* [Aim of the task]: After locating the line with "Задачи: 1. Определить" below, output it and each following line exactly, stopping after the line with "附上:BBQ需要材料大全↓↓↓". No pictures.

* [Provided material]:
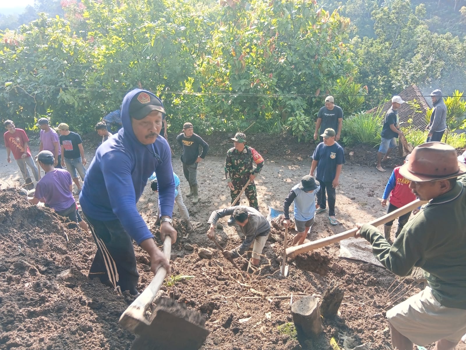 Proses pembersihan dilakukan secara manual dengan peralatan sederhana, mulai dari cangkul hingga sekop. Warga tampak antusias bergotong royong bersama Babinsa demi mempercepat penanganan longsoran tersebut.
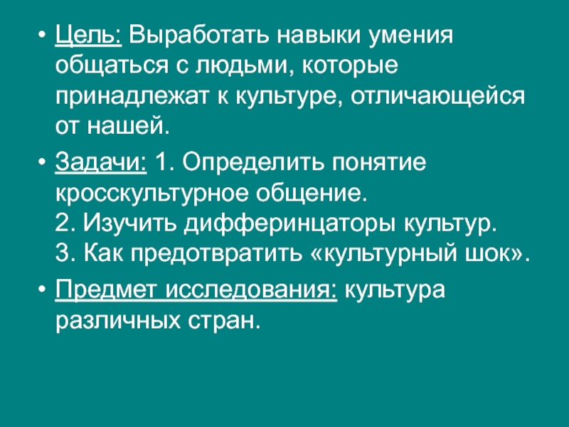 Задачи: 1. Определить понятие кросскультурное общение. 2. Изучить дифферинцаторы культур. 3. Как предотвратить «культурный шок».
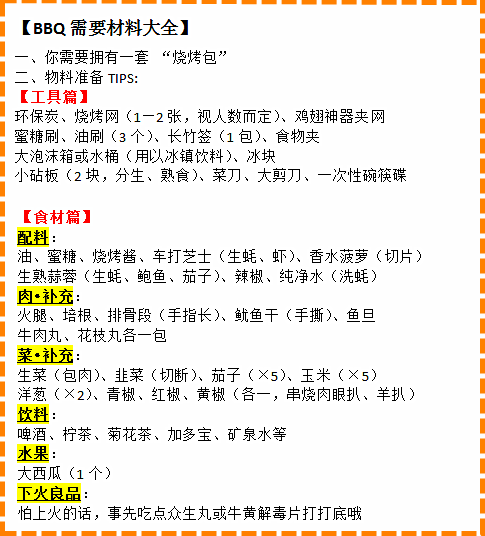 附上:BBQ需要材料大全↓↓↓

---

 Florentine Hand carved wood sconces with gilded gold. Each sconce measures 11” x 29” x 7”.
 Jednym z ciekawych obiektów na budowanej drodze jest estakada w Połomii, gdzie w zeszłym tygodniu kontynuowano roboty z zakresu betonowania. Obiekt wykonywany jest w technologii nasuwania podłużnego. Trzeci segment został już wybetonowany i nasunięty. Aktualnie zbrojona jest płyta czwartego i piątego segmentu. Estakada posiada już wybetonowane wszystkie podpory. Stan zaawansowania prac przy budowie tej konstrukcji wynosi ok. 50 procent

--

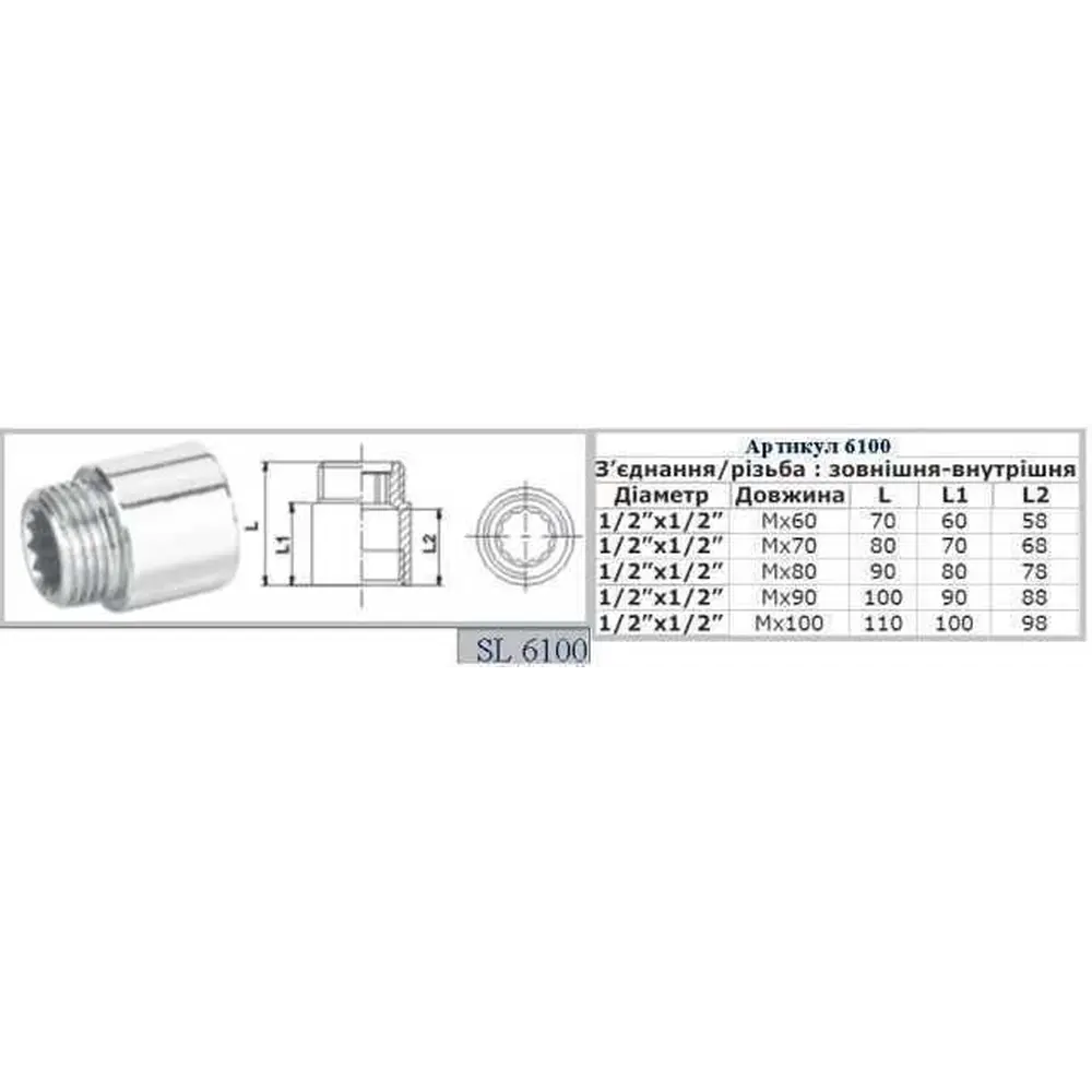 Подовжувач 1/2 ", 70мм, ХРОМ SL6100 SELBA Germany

* [Exercise result]:
 Задачи: 1. Определить понятие кросскультурное общение. 2. Изучить дифферинцаторы культур. 3. Как предотвратить «культурный шок».
 附上:BBQ需要材料大全↓↓↓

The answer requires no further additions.